Millions of dollars can be awfully hard to turn away from.
Prized LSU signee Brice Turang signed with the Milwaukee Brewers on Thursday night, the player announced on Twitter. The shortstop was the No. 21 overall selection in last month’s MLB Draft and signed for $3.4 million, according to a source, which is above slot value for where he was picked.
So happy to be a brewer thank you for all the love and support! God bless ❤️ @Brewers pic.twitter.com/XD7zw7SBR3
— brice turang (@BriceCturang) July 6, 2018
Getting Turang to campus was always considered something as a pipe dream for the LSU staff. Many projected Turang as a possible first overall selection at this time last year, and the potential for him playing college ball only became realistic once a relatively pedestrian senior season caused scouts to downgrade the California native on their draft boards.
The deadline for MLB draft picks to sign professionally is Friday, July 6 at 5 p.m. ET. No other players with LSU ties are expected to sign between now and then, meaning Turang, outfielder Elijah Cabell, who LSU released from a National Letter of Intent, and pitcher Levi Kelly are the only signees lost to the professional ranks.
Even without Turang, staffers are bullish about a recruiting class that LSU coach Paul Mainieri said could finish as the best in the country.
“A lot of things worked in our favor this year, so our class is going to be intact,” Mainieri told reporters in June. “Personally, I think it’s the No. 1 class in the country. I don’t know if it’s going to be rated that way, but I wouldn’t trade our class for anybody. And if Brice Turang ends up coming to school, it’ll be a class for the ages.”
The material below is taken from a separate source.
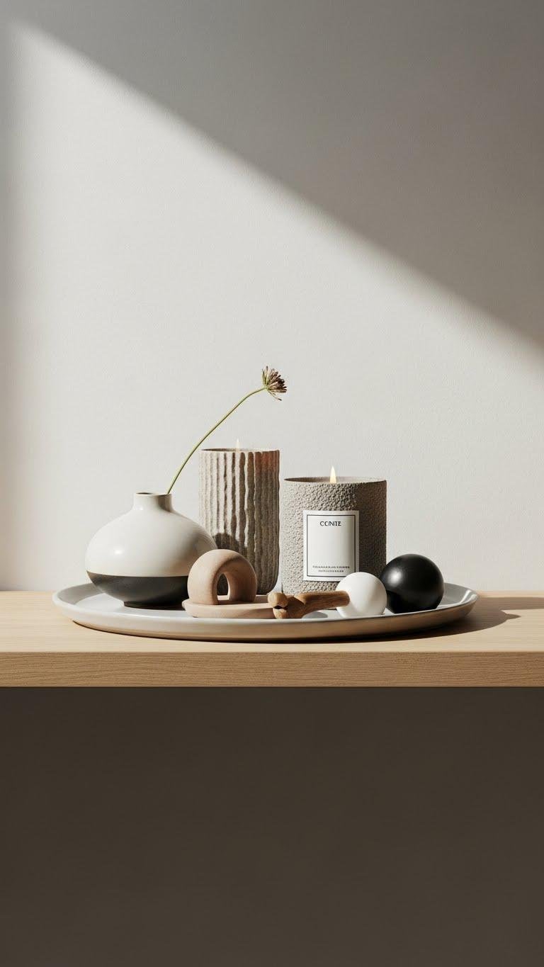 Center a shallow tray to anchor a cluster of objects and instantly give the shelf a composed, gallery-like focus. You’ll place a matte tray, a low vase, and a scented candle together, varying texture and scale for calm rhythm. Let negative space breathe; keep pieces intentional so the arrangement feels curated, balanced, and freeing rather than cluttered.

Now that Turang is no longer in play, LSU’s priority must shift to ensuring that Josh Smith is fully recovered from the back injury that cost him nearly all of his sophomore season. As of mid June, Smith was hitting and working out without any pain in his back, although he was scheduled to undergo further testing.
“He still remains the most critical factor for our season next year,” Mainieri said in June.
If healthy, Smith can step back in as LSU’s starting shortstop. If not, Hal Hughes represents an experienced, defensive-minded option after starting in Smith’s stead as a true freshman. Incoming freshmen Drew Bianco and Gavin Dugas could also find their way into the mix.